Jain was appointed as the Indian Ambassador to Ivory Coast, with concurrent accreditation to Liberia, Sierra Leone, and Guinea in August 2008. During her tenure, there was a dramatic increase in commercial, trade and cultural ties between West Africa and India. These closer economic links have provided the impetus for India's trade with West Africa to grow to $40 billion by 2015.

She led India's efforts to deepen engagement with West Africa through intensifying relations with Economic Community of West African States (ECOWAS), and enhancing co-operation in the area of oil and gas, education, pharmaceuticals, mining and infrastructure. As India's ambassador to Ivory Coast, she argued that capacity building is a major thrust of India's development co-operation with Africa. She advocated for the establishment of over a hundred professional training institutes across Africa, for which India allocated $700 million. Along with the former Minister of State for External Affairs Shashi Tharoor, she was responsible for gaining Liberian support for a permanent seat for India on the UN Security Council.

=== Ivorian civil war ===

Despite facing grave danger, Shamma Jain oversaw the evacuation of Indian nationals in Ivory Coast who were caught in the Second Ivorian Civil War in March 2011. This coincided with India voting in the UN Security Council for sanctions against Laurent Gbagbo and close aides. Amidst heavy gunfire and explosions in the diplomatic area where her residence was located, Ambassador Jain remained in Abidjan to ensure the evacuation of several hundred members of the Indian community.

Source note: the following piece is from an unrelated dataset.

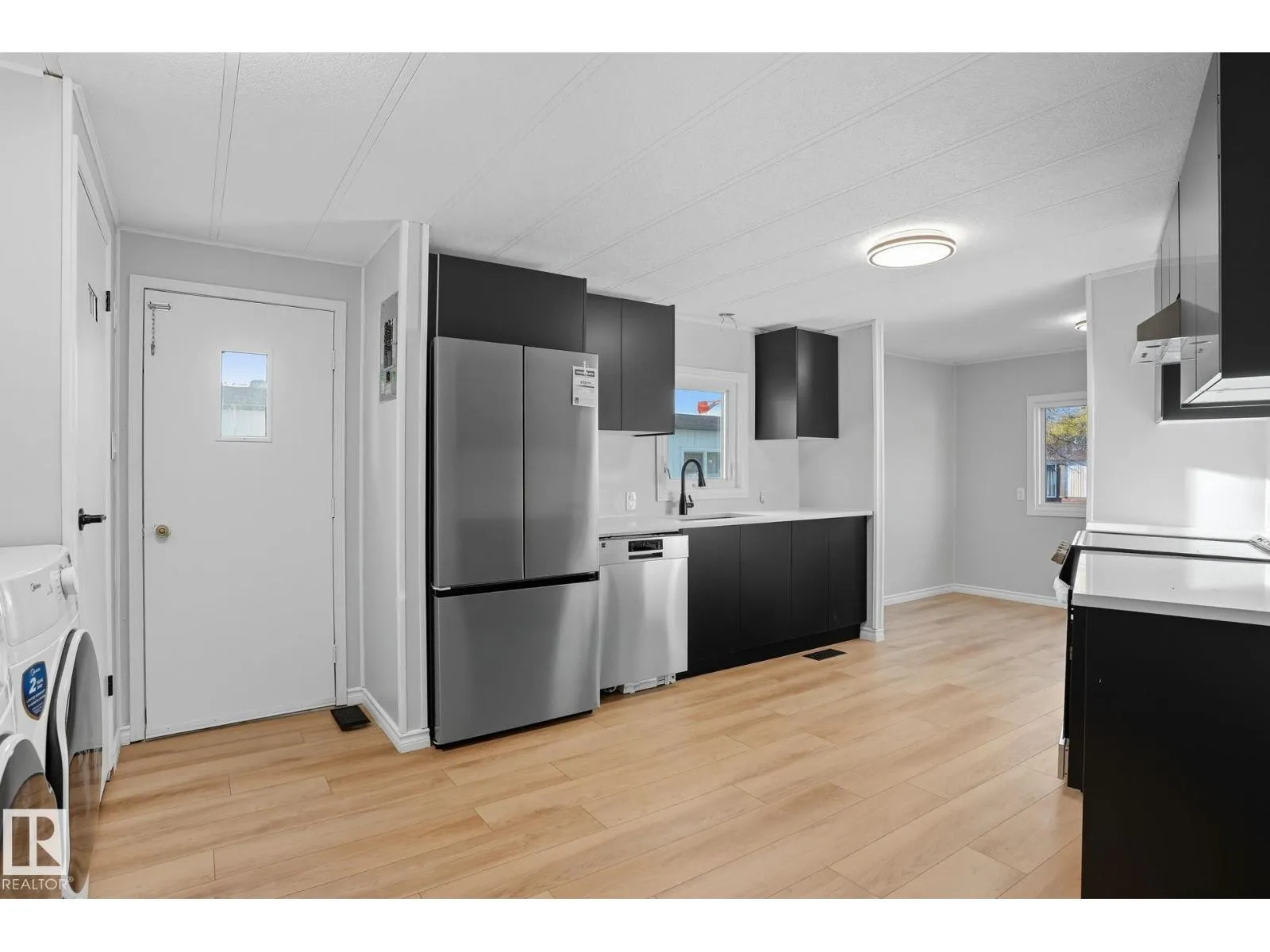 This NEWLY RENOVATED home offers 3 beds and 1.5 bath. All BRAND-NEW appliances, including furnace and hot water tank. New 6.5mm vinyl plank flooring throughout. All walls have been freshly PAINTED. NEW tub, toilets and vanities as well as upgraded pex pipes. Beautiful QUARTZ countertops and EASY CLOSE kitchen cabinets are all new. Newer VINYL WINDOWS all around. The roof was replaced in June 2025. Heat tape was done in 2023. Exterior areas were upgraded with NEW wood siding, trim and paint. The covered CAR PORT had all 4 support posts and cement replaced. Front ATTACHED PORCH has a 4'x8' storage area with a locking door. The home was levelled in June 2025. Freshly PAVED PARKING pad. Near by bus stop, store, and parks. (id:27476)

On 8 April 2011, Jain had to be evacuated by French troops when her residence in Cocody, Abidjan was attacked by armed mercenaries. She had been trapped in her house, which was adjacent to Gbagbo's besieged presidential compound. This area witnessed the heaviest fighting in the capital between the opposing forces of incumbent Gbagbo and Alassane Ouattara. After many hours of being holed up in her residence, Ambassador Jain was safely evacuated in a daring operation by UN and French forces to a French military base outside Abidjan.